Why Was Pluto Not A Planet – The Hotbed Of Controversies
On 24/08/ 2006, Pluto was demoted from Planet to dwarf planet after the IAU ( International Astronomical Union) approved a reclassification of the solar system. But, what led to such declassification? Why was Pluto not a planet? What criteria of the planet did it fail to meet?
With the discovery of Pluto, astronomers could further trace the solar system beyond Neptune!
On 30th August 1992, David Jewitt and Jane Luu from the University of Hawaii found a region in space known as the trans-Neptunian region which has about 1000 Trans Neptunian objects orbiting around it. This discovery fueled further reserve and on 21 October 2003, Mike Brown from Caltech, Chad Trujillo from the Gemini Observatory, and David Rabinowitz from Yale University discovered another solar entity with a mass more than Pluto and that it too consists of a satellite. Such advances in the history of astronomy compelled scientists to put forward a definition for a planet. For this, the IAY formed a committee that later put forward a draft resolution on the definition of a planet.

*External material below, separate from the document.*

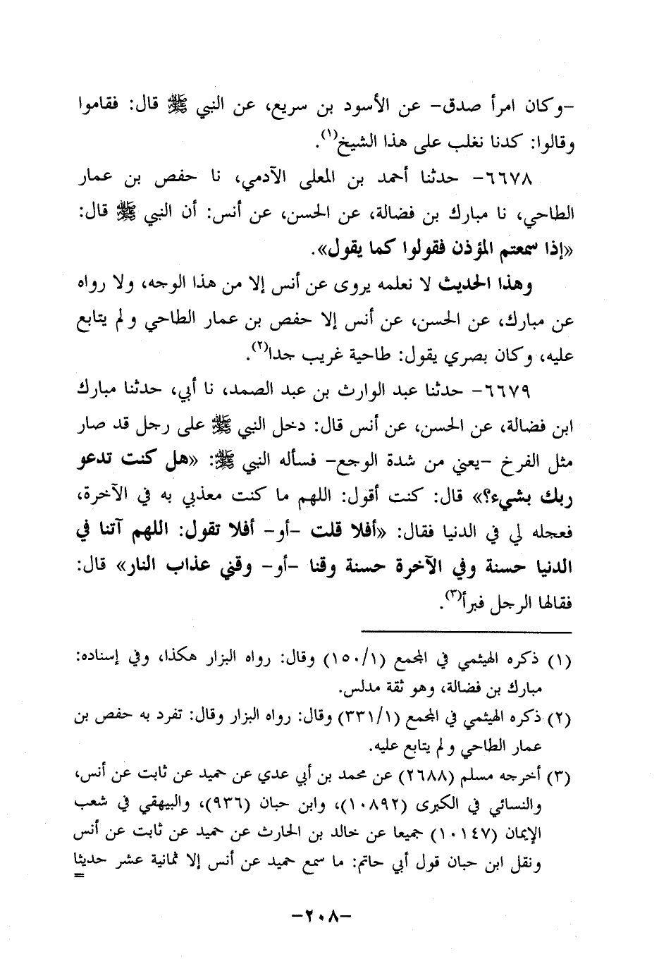 6679- حَدَّثنا عبد الوارث بن عبد الصمد، حَدَّثنا أَبِي، حَدَّثنا مُبَارَكُ بْنُ فَضَالَةَ , عَنِ الْحَسَنِ، عَن أَنَسٍ، قَالَ: دَخَلَ النَّبِيّ صَلَّى اللَّهُ عَلَيْهِ وَسَلَّمَ عَلَى رَجُلٍ قَدْ صَارَ مِثْلَ الْفَرْخِ، يَعْنِي مِنْ شِدَّةِ الْوَجَعِ فَسَأَلَهُ النَّبِيّ صَلَّى اللَّهُ عَلَيْهِ وَسَلَّمَ: هَلْ كُنْتَ تَدْعُو رَبَّكَ بِشَيْءٍ؟ قَالَ: كُنْتُ أَقُولُ: اللَّهُمَّ مَا كُنْتَ مُعَذِّبِي بِهِ فِي الآخِرَةِ فَعَجِّلْهُ لِي فِي الدُّنْيَا فَقَالَ: أَفَلا قُلْتَ، أَوْ أَفَلا تَقُولُ: اللَّهُمَّ آتِنَا فِي الدُّنْيَا حَسَنَةً وَفِي الآخِرَةِ حَسَنَةً وَقِنَا، أَوْ وَقِنِي عَذَابَ النَّارِ قَالَ: فَقَالَهَا الرَّجُلُ فَبَرَأَ.
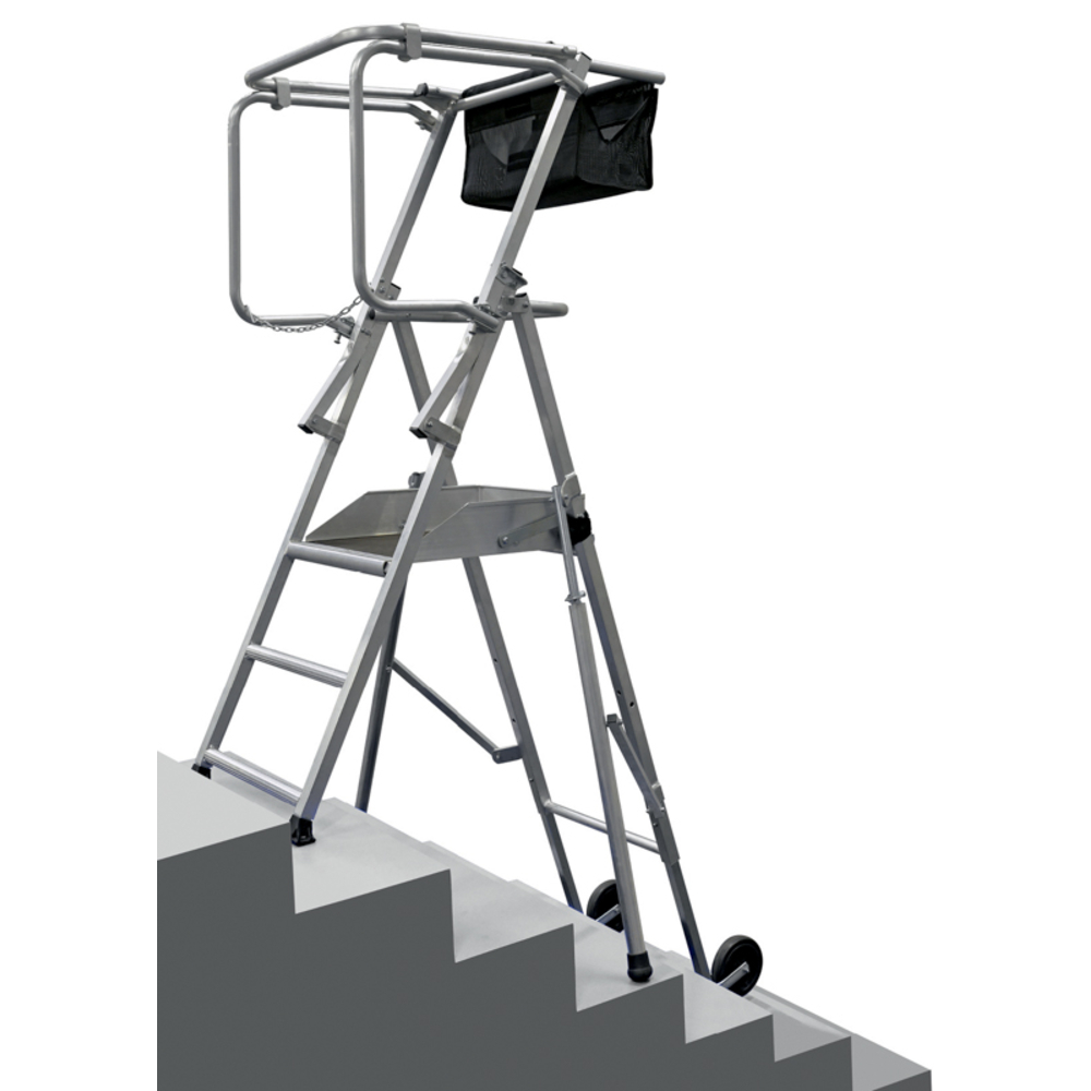 Découvrez la plateforme individuelle roulante spécialement conçue pour les escaliers. Ce modèle novateur s'installe facilement dans tous les types d'escaliers, répondant aux exigences du décret du 1er septembre 2004 - Norme PIRL. Avec une hauteur de travail maximum de 2,85 mètres sur sol plan et capable de supporter une charge utile de 150 kg, il est parfait pour divers travaux en hauteur.

The definition is as follows, A celestial body that (a) is in orbit around the Sun, (b) has sufficient mass for itself gravity to overcome rigid body forces so that it assumes a hydrostatic equilibrium (nearly round) shape, and (c) has cleared the neighborhood around its orbit. But, then why was Pluto not a planet? This is because the Pluto planet failed to meet the third criterion. On account of its small size, it was reclassified as a dwarf planet along with others such as Ceres and Eris. Thus, in August 2006, Pluto was removed from the category of planets and was placed into the group of dwarf planets.
Pluto Planet – The Less Explored Realm Of Our Solar System
Though the Pluto planet was demoted from being a planet to a dwarf planet, many scientists still believe that Pluto should be called a planet because recent missions reveal a world of mystery – the mystery that still awaits further exploration!